Edenbridge, which rebranded as Dexcel Pharma in October, created the panel to communicate data on its multiple myeloma drug Hemady. The product is an oral formulation of the steroid dexamethasone. By including 20 mg of dexamethasone in each tablet, rather than the 4 mg found in some other products, the company has cut the number of pills multiple myeloma patients need to take.
The exhibit displays data on the claimed advantages of Hemady. However, the FDA, having reviewed the panel and a complaint made via the Bad Ad program, found fault with some information Edenbridge left out and the robustness of a study that underpinned some of the claims.
The panel’s omission of risk information is one focus of the FDA’s letter. The exhibit states that Hemady can cut the number of dexamethasone tablets multiple myeloma patients take by 80%. However, the panel is misleading, according to the FDA, because it presents those data but “entirely omits all risk information.” The agency said the lack of risk information creates a misleading impression about the safety of the drug.
The FDA also took aim at a retrospective, real-world comparison of adherence to Hemady and generic dexamethasone. Edenbridge presented the findings of the analysis in a table on the exhibit. The table compares the medication possession rate (MPR), a measure of adherence, and the percentage of people with an MPR of at least 80% for 4 mg dexamethasone and Hemady.
The ratio and percentage of patients with an MPR of at least 80% are higher in the Hemady cohort than in the 4-mg arm, according to Edenbridge. The company compared the cohorts, generating p-values of 0.0002 and 0.007. P-values of 0.05 and lower are typically considered statistically significant.
Yet, the FDA said the study “does not support conclusions regarding comparative adherence” to the two formulations because of design and methodology limitations. The agency listed problems with patient selection, noting that the study had failed to verify whether people on Hemady actually had been diagnosed with multiple myeloma and had included both newly diagnosed and relapsed or refractory patients in the 4 mg dexamethasone cohort, without distinguishing between the different phases of disease.
The FDA also highlighted the “notably unbalanced sample size”: The 4 mg dexamethasone arm contained 3,775 patients, but there were only 43 people in the Hemady group.
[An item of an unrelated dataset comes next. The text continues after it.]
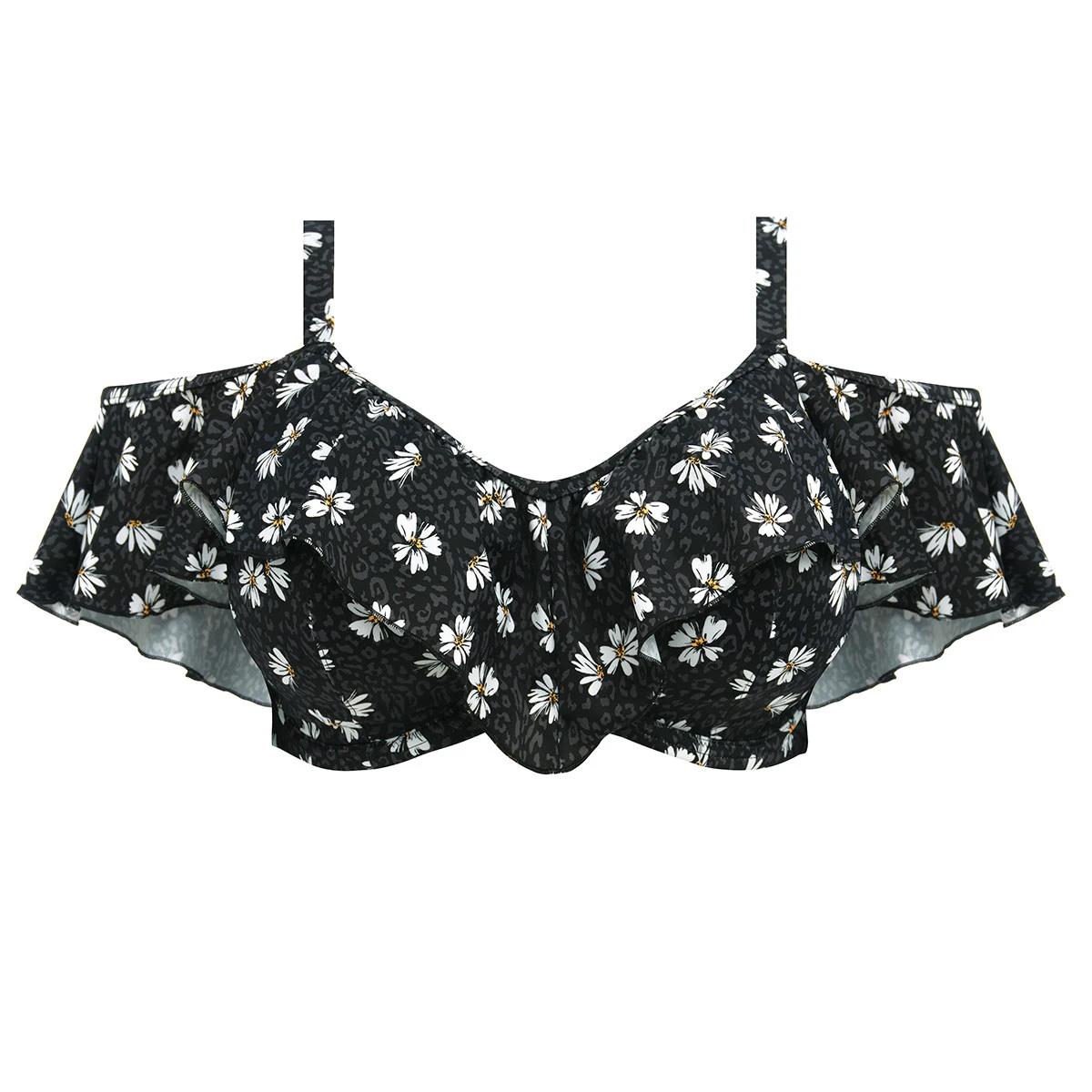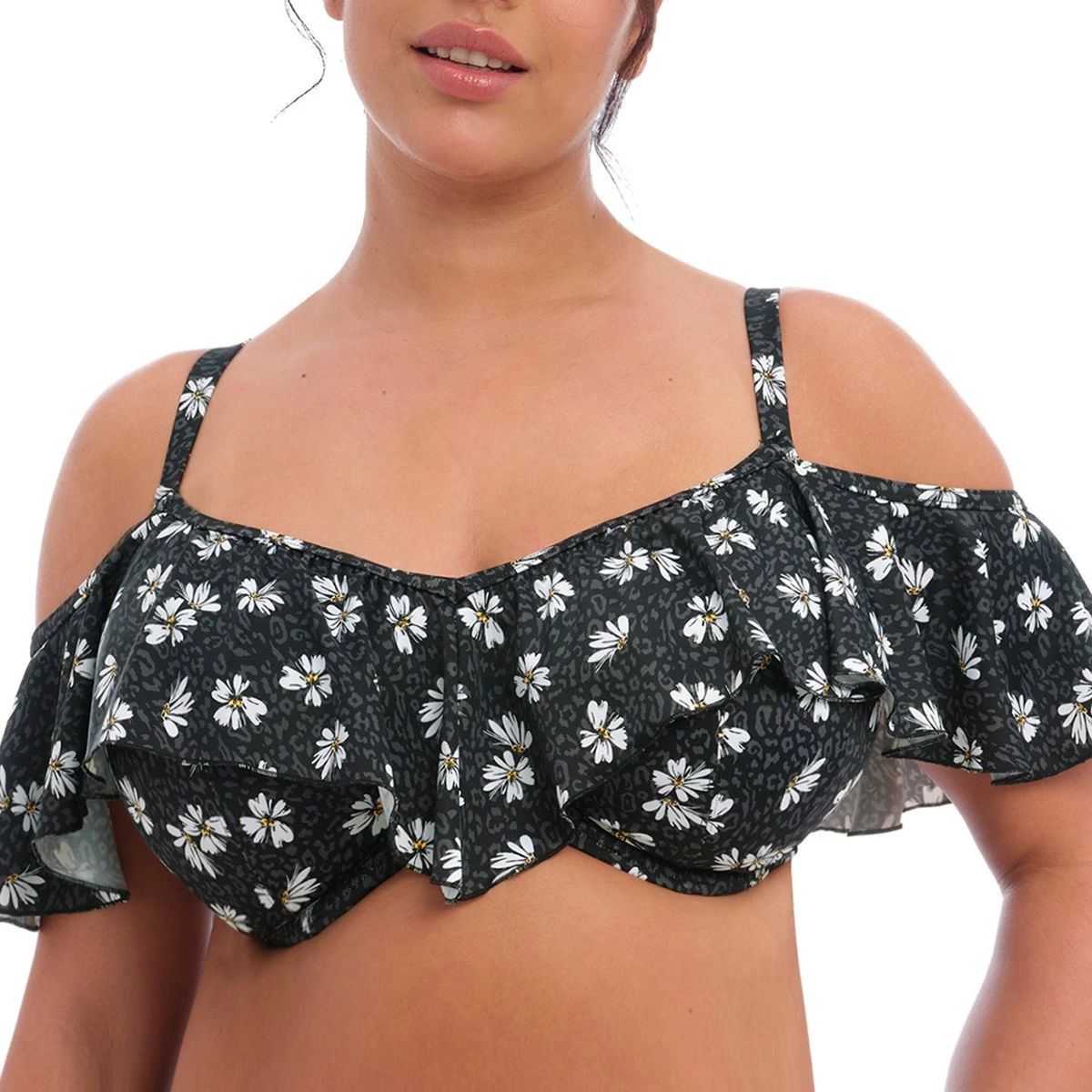 Le haut de maillot de bain grande taille Plain Sailing black daisy d’Elomi Swim nous charme par son volant original et très féminin qui peut être porté sur ou sous les épaules pour varier le décolleté. On adore le motif léopard gris foncé qui ajoute subtilement de la profondeur au fond noir ainsi que les pâquerettes blanches qui réveillent l’imprimé.

The FDA said “such unbalanced sample sizes can lead to overestimation of adherence in favor of the Hemady group.”
Citing such issues, the agency said the study did not establish that adherence was better on Hemady than 4 mg dexamethasone.
The FDA sent the letter on Feb. 3 and gave Edenbridge 15 working days to respond. The agency asked Edenbridge to list all promotional communications that contain representations like those described in the letter.
The Hemady website for healthcare professionals used to display results from the adherence study, but Edenbridge removed that page some time after Dec. 3, 2024, per snapshots saved in the Internet Archive.